- Sobremesa familiar con los Veloso
- Brad Mehldau trio, el mejor concierto del Heineken Jazzaldia
- Gregory Porter, pisando a fondo
Ya ha terminado la 53 edición del Heineken Jazzaldia, ese pequeño gran lujo que cada julio anima la ciudad de San Sebastián. Si atendemos a las valoraciones oficiales, este año no ha sido tan bueno como el anterior, del que Miguel Martín, director del certamen dijo que había sido «inolvidable por la calidad artística» y la edición «más brillante de su historia», mientras que este año «sólo» ha destacado la «calidad musical superlativa», lo que no sabemos si lo deja por encima de la edición de 2016, cuando se alcanzó «la excelencia musical» según sus propias palabras. Bromas y autobombos aparte, este año se han podido ver conciertos magníficos. La programación del Kursaal ha sido impecable y en la Trinidad, ha habido luces y sombras. De resto de escenarios poco puede hablar este cronista que apenas los visitó.
Sobremesa familiar con los Veloso
Ofertorio, la serie de conciertos que están dando Caetano Veloso acompañado de sus hijos, tiene aroma de algo improvisado. Aunque lo cierto es que no lo es, en absoluto. Si leemos las crónicas de los conciertos que dieron en Valencia o Madrid podemos constatar que las canciones se repiten, así como las explicaciones, bromas o momentos de baile. No importa, porque durante la hora y media de concierto la familia Veloso crea la ilusión de que lo que está ocurriendo sobre el escenario es algo íntimo y natural. Una especie de agradable sobremesa en que las canciones y los recuerdos fluyen bajo el buen ambiente que crea la buena compañía.
Caetano aparece en el escenario acompañado de sus hijos Moreno (45 años), Zeca (26 años) y Tom (21 años) que no se limitan a ser meros comparsas de su padre. En muchos momentos el protagonismo musical es totalmente suyo, en otros se convierten en protagonistas de las palabras de su padre cuando explica que alguno de ellos seleccionó esta o tras canción para el repertorio o, sobre todo, cuando orgulloso revela quién compuso la música o la letra de algunos temas. Moreno es un gran músico y un gran intérprete, con una importante carrera musical a sus espaldas tanto en solitario como acompañando a su padre. Los dos hijos menores se defienden con solvencia, aunque a Zeca le falta un poco de rodaje y soltura en el escenario. El cabeza de familia, eso sí, sigue estando por encima de todos sus hijos a la hora de cantar. Y no es demérito de las aterciopeladas y seductoras voces de Moreno y Tom (el falsete de Zeca me gusta menos), es que Caetano canta con un sentimiento difícilmente alcanzable por los demás.

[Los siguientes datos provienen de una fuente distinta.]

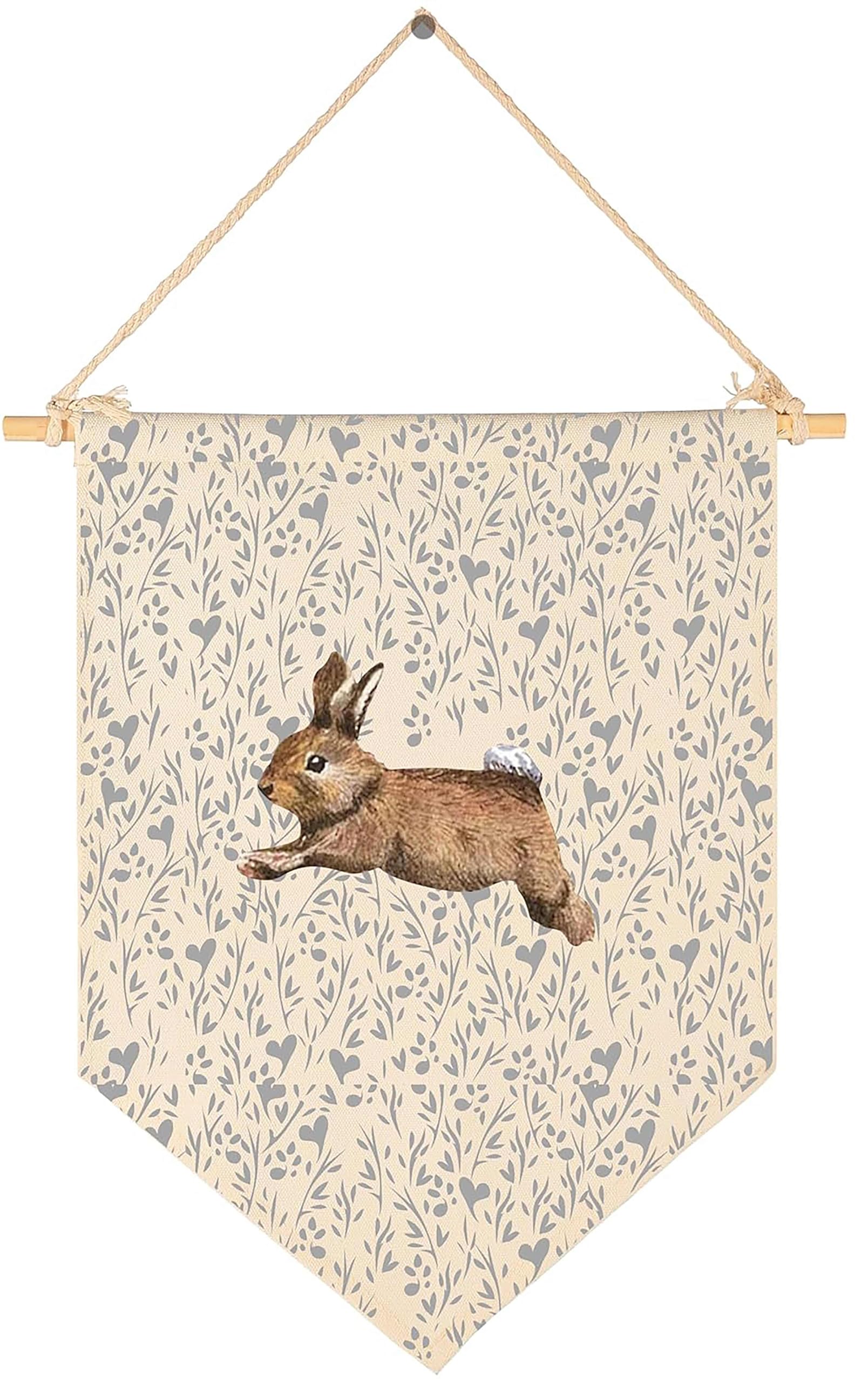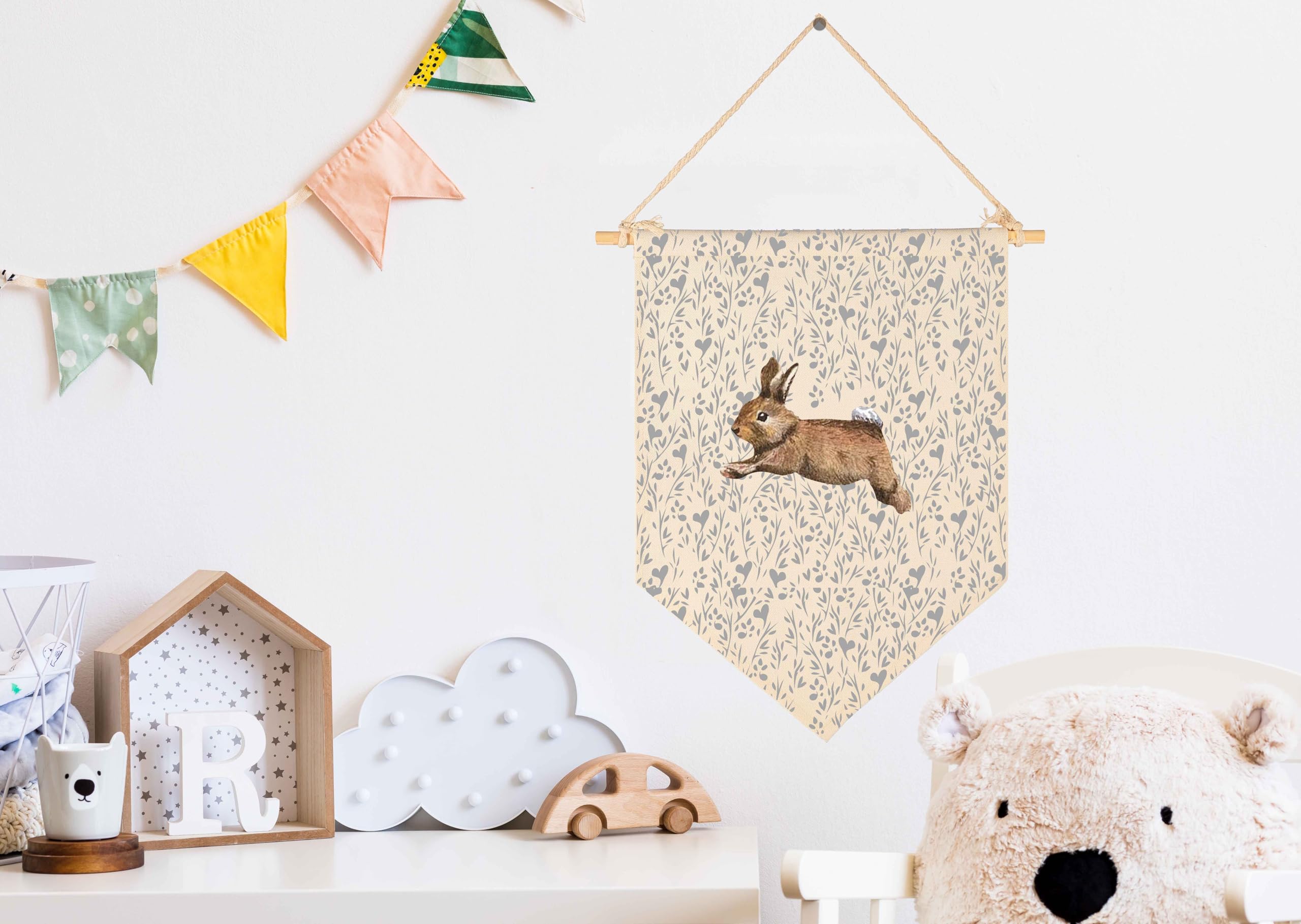 Crafted from natural cotton canvas, this 15.4 x 11 inch nursery wall banner brings a soft and calming touch to baby room, toddler space. The durable fabric keeps its shape with a natural texture, while the clear print stays bright with everyday use. Lightweight and easy to hang, it comes with a wooden dowel and pre-tied twine for quick setup on walls, doors or shelves. The versatile size fits small spaces without feeling crowded, making it perfect for creating a cozy nursery atmosphere. A thoughtful gift for baby showers, newborn arrival or first birthday.
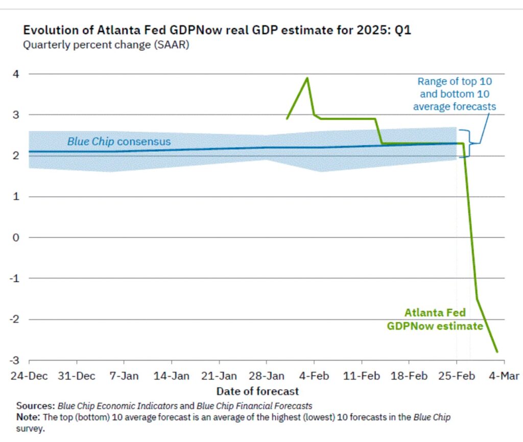 根據新聞報導,亞特蘭大聯準會公布今年第一季美國經濟學係數調整後的實質GDP將會衰退2.8% ,比二月二十八日所公布的衰退1.5%來得更高。
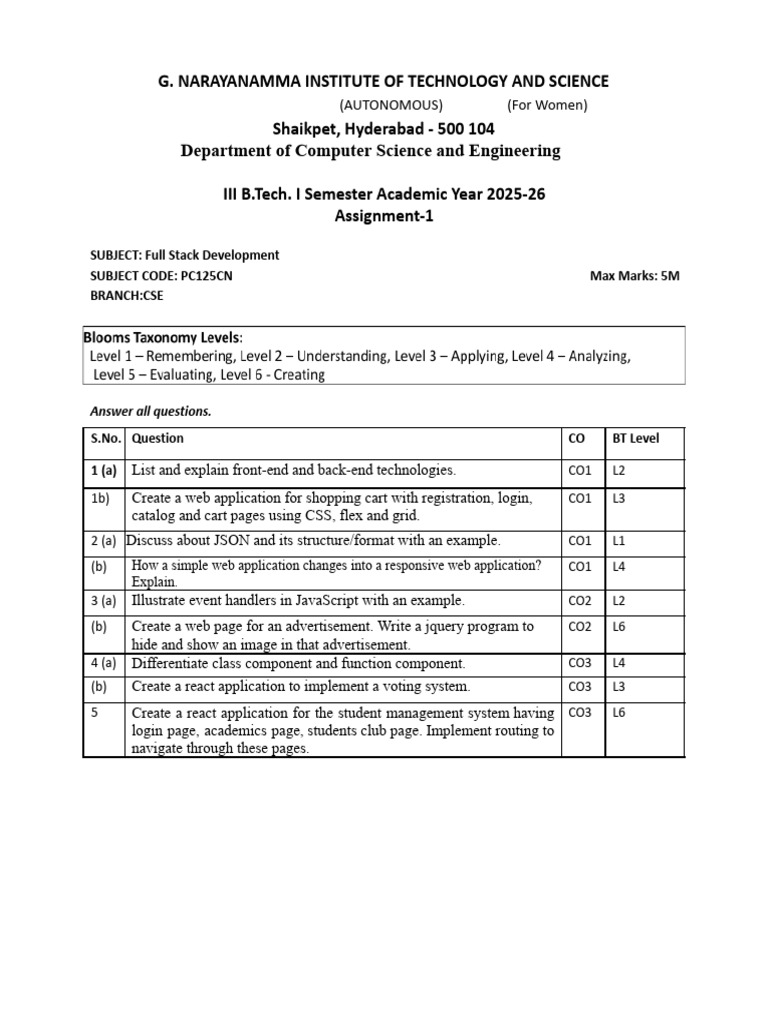 SUBJECT: Full Stack Development
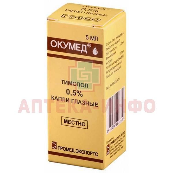 При совместном использовании глазных капель Окумед с каплями для глаз, содержащими эпинефрин, может развиться расширение зрачка. Не рекомендуется закапывать в глаза два бета-адреноблокатора из-за риска развития побочных эффектов, поэтому препарат не применяют с каплями, содержащими эпинефрин и пилокарпин.
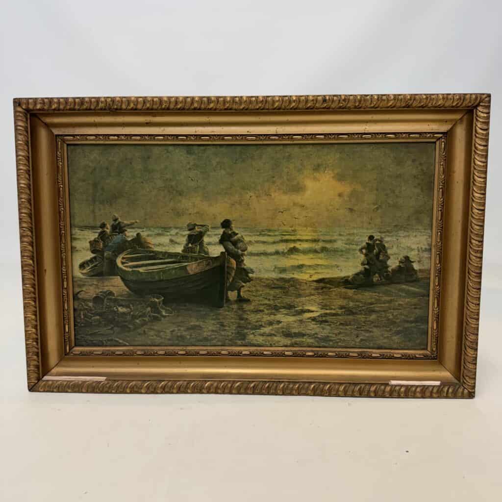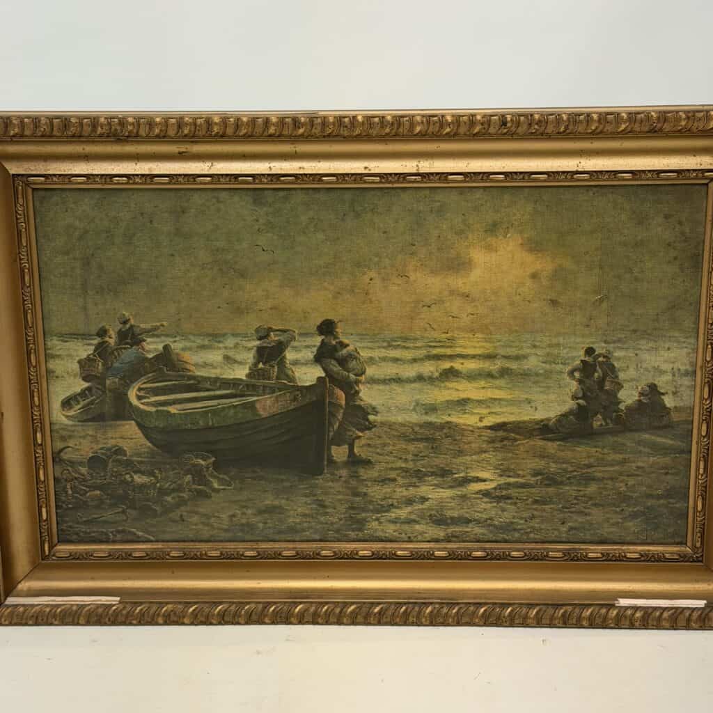 It depicts a coastal scene at sunrise, fisherwomen and children waiting on the beach for the return of the fishing boat

Siguiendo un orden casi calcado al del disco los Veloso fueron desgranando las canciones de su disco Ofertorio. Los hermanos Tom y Zeca intercambiaban instrumentos y asiento en el escenario, Moreno alternaba la guitarra con percusión hecha a partir de un plato de loza y un cuchillo o dos papeles de lija, mientras la sonrisa de un orgulloso Caetano iluminaba el escenario que se teñía de sentimiento. A veces melancólico, a veces juguetón, otras cálido y casi siempre frágil y dulce.
Se ganaron al público cuando, en diferentes canciones, primero Tom y luego Moreno salieron a bailar confirmando la creencia que tenemos alguno de que los brasileños tienen una vértebra más que les permite bailar de una manera realmente especial. Zeca lo hizo más adelante, casi obligado por su padre, pero tímido como parece que es paró enseguida. Incluso Caetano, a sus 75 años, mostró sus habilidades moviendo la cadera.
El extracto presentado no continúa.